America needs the best and brightest, but replacing experienced engineers and increasing homelessness by using H1B is not the answer. Increase the quality of public education, lower the cost of collage degrees, create a higher barrier of entry for guest workers is the way.
In the 80’s American companies moved manufacturing out of America, The decline in manufacture jobs causing Trump to be elected. Now education is being moved off shore by importing guest workers. In a few years who will be “elected” because public education is gone?
We will see if Trump is a populist or fascist in dealing with the H1B issue.
That would never work because Ihab would go in to make 200k a year on the promise of bringing his 42 cousins t hat will all work for $30k a year and get them green cards. Then everybody is fucked. Open borders are not the answer
The outgoing workers being forced to train their replacements.
And the incoming schmucks who are so desperate that they'll work for peanuts while the sponsoring companies, e.g. Infosys, Wipro, Satyam, Tata, Microsoft, Accenture[1] charge hefty rates for their services.
But Twitler will fix it. Just like he's going to make Mexico pay for the wall. It'll be great.
[1] https://visacoach.org/2009/02/...
I dont see that working because as we see in tech industry, heated enemies will team up when profits can be gained. So then we would have a huge price rigging meeting for H1B's, And they would all offer $10k and one $10,000,01. Then rotate around the community. I wouldnt put it past them.
Why not try "importing" cheap labor from other parts of the US?
I mean sponsoring "immigrants" from lower paid workers from surrounding states.. paying them less than those already conditioned to the higher life style cost of living in California.
I think its pretty much the same solution as fixing wages for peoples incoming to the US or just moving around the US is.. about the same thing.
The H-1B visa unintentionally set a "fixed" Lower Maximum Wage.. the terms Wage contract meant if they needed to downsize they did not have to give the employee or make notice in the news or press.. two big benefits to companies seeking to control wages and headcount.
Making a solution increasingly complex just continues the game.
Just cancel the game.
Ok, so Silicon Valley contains a lot of tech companies that want to operate efficiently, so they’re going to naturally look for ways to cut costs, including employee salaries. H1-B workers are cheaper, so they’ll naturally want to investigate that option. Many H1-B visa holders are pretty decent, so they’re viable to hire. The tech company lawyers will be checking to make sure they’re being legal in their hires, but of course, they’re going to make sure they only conform to the letter of the law, and they’re always going to be trying to look for loopholes.
In other words, who is daft enough to think that SV tech companies wouldn’t as a matter of course be exploiting H1-B visas and workers to the maximum extent possible?

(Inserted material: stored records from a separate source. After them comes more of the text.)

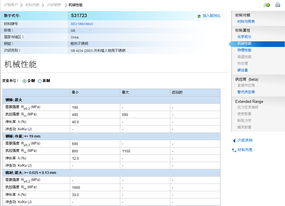 Total Materia从金属性能搜寻你可透过输入名称、国家/标准、种类、标准编号、 化学成分、机械性能、其他性能或以上任何组合就可方便快捷地搜寻超过6百万种金属性能。例如:查看需要有C < 0.05, Cr > 16%, Ni > 8%, 张应力超过 750 MPa的中国不锈钢。 于主页按下进阶搜寻按钮。然后于国家/标准列选择中国/GB。检查不锈钢的选行然后输入所需的钢性能及合金元素。 当屏幕出现搜寻结果, 就可在列表中选择所需的钢以查阅它的性能。在这例子我们会先选择S31723。 按下材料后, 就会出现一列子群。在In Total Materia, “子群” 指钢性能的标准规格。在这例子中, 我们选择了GB/T 4234 的说明。注意不同的规格会有轻微不同的性能定义。 在Total Materia数据库金属性能包括了它的成分, 交叉引用表, 机械性能, 物理属性, 蠕变及疲劳特性。按下列的例子放大。 |
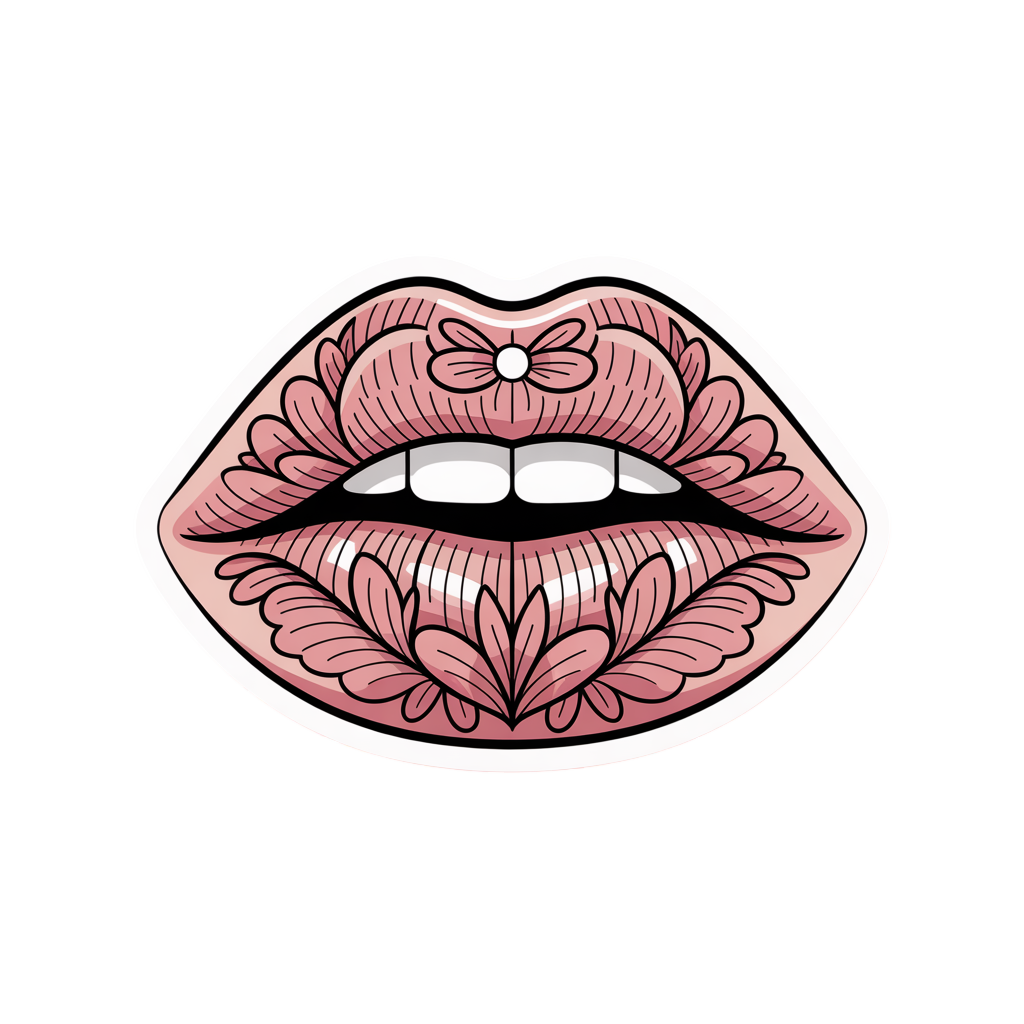 Description: An artistic illustration featuring a pair of pink lips with intricate floral and leaf patterns integrated into their design. A small flower with a pearl-like center is depicted on the Cupid's bow. The artwork has a clean white outline against a solid black background.
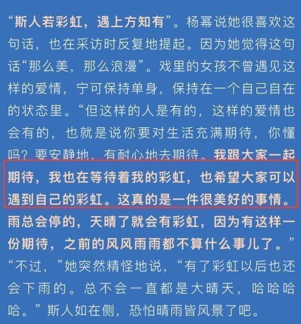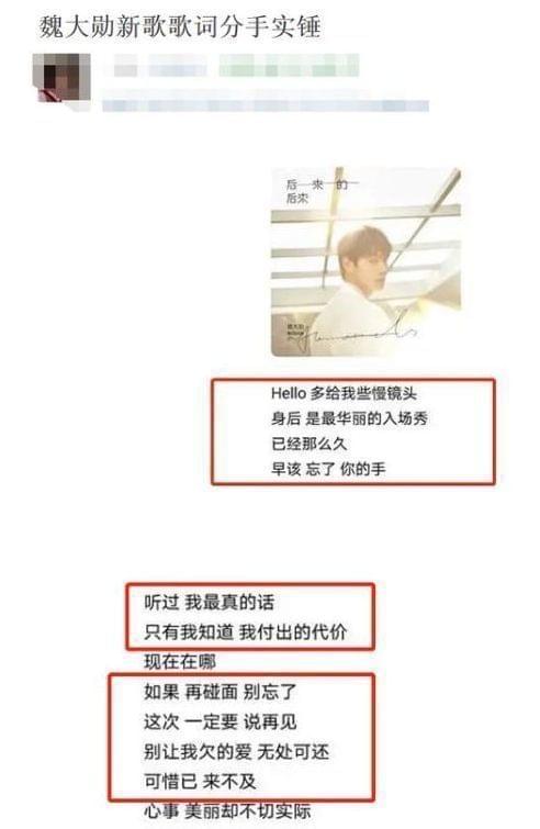 直到去年,有网友爆料,魏大勋和杨幂分手了,男方发布的新歌歌词似乎证实了这一点。而杨幂在接受采访时透露,她正在迎接属于自己的彩虹,证明已经恢复了单身。
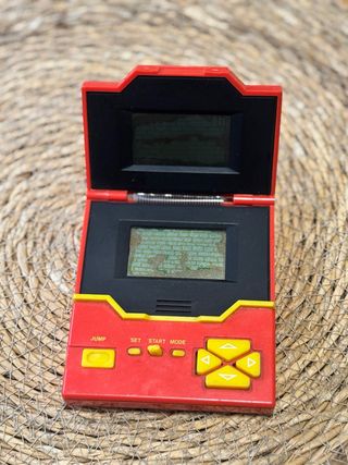 Consola portátil clásica Hero Princess en llamativos colores rojo y amarillo. Un diseño retro para horas de diversión. - Pantalla LCD. - Botones de control de juego. - Diseño plegable. funcionando le falta la tapadera de las pilas
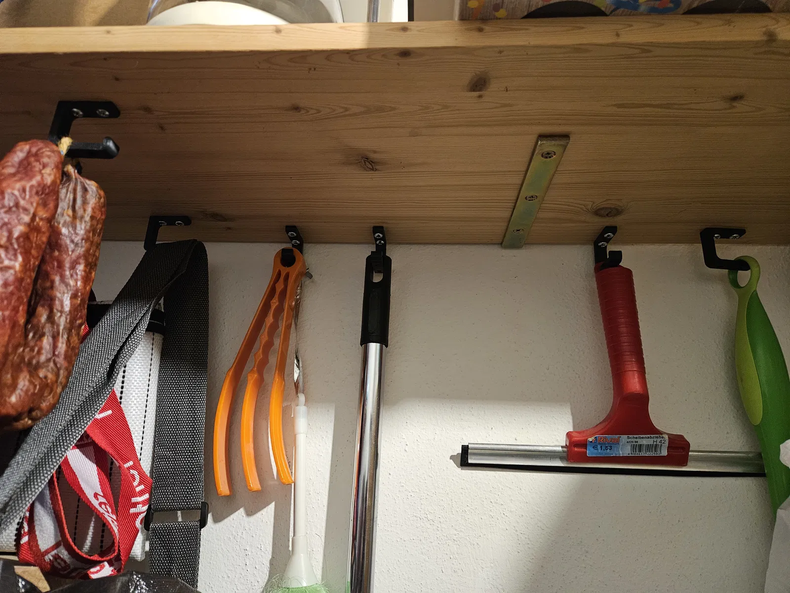 Móc treo ngang dùng cho chổi, xúc xích, v.v. In bằng ASA, PETG và PLA; nên in với 4 vòng tường (wall loops) hoặc 100% infill.
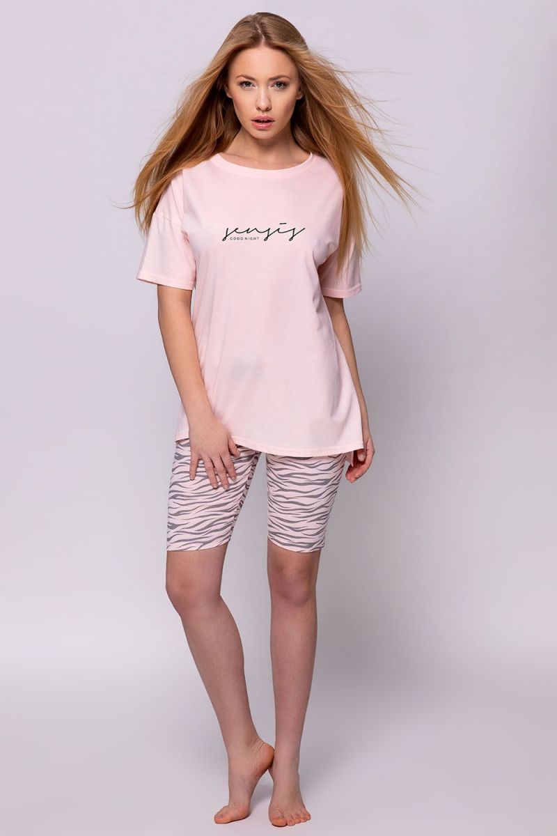 - Стильный дизайн: Сочетание нежного персикового фона с модным принтом в виде тигровой полоски на шортах создаёт современный и яркий образ.

I mean, this is total no-brainer stuff here.
The more competitive and successful your business, the more you are exploiting the available resources - these days especially human resources.
If the resources being exploited are in agreement that it is a mutual benefit, then we're all good.
.... for Americans in the first place? If a person is legally living in the USA, then they rightly should have about the same cost of living as an American and be entitled to the same lifestyle as anyone else doing the same job. Since where a person is from should not be a factor on whether a person is hired in the first place except to the extent that it may affect their ability to do the job, it should have absolutely *NO* effect on how much they are getting paid to do the job either. Doing so is grossly discriminatory, and employers that want to get away with this are no better than those involved in human slave trade, and in my view should be treated with equal contempt.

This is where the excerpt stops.